▶ [COLLECTED MATERIAL]:
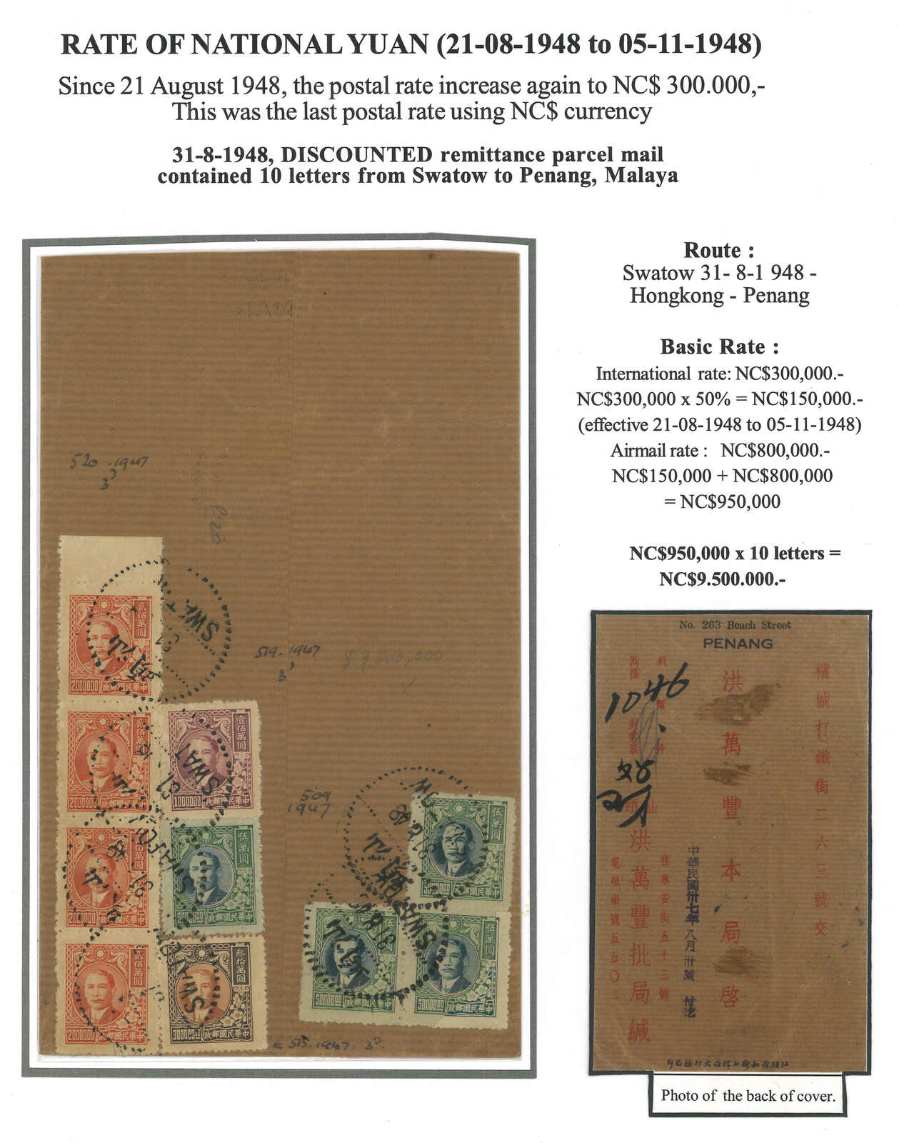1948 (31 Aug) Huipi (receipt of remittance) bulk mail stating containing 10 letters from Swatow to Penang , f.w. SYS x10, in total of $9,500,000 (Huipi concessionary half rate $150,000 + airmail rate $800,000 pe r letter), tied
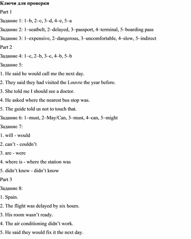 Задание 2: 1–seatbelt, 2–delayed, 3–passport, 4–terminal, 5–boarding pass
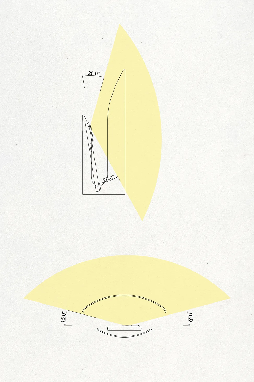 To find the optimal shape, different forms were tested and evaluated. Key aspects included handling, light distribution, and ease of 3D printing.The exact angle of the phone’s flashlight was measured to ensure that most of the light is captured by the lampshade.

▶ [ASSIGNED TASK]:
When you reach the line that contains "4–terminal, 5–boarding pass", start copying the listing word for word and stop only after its last line, without any pictures.

▶ [SOLUTION FOR THIS PROBLEM]:
 Задание 2: 1–seatbelt, 2–delayed, 3–passport, 4–terminal, 5–boarding pass
 To find the optimal shape, different forms were tested and evaluated. Key aspects included handling, light distribution, and ease of 3D printing.The exact angle of the phone’s flashlight was measured to ensure that most of the light is captured by the lampshade.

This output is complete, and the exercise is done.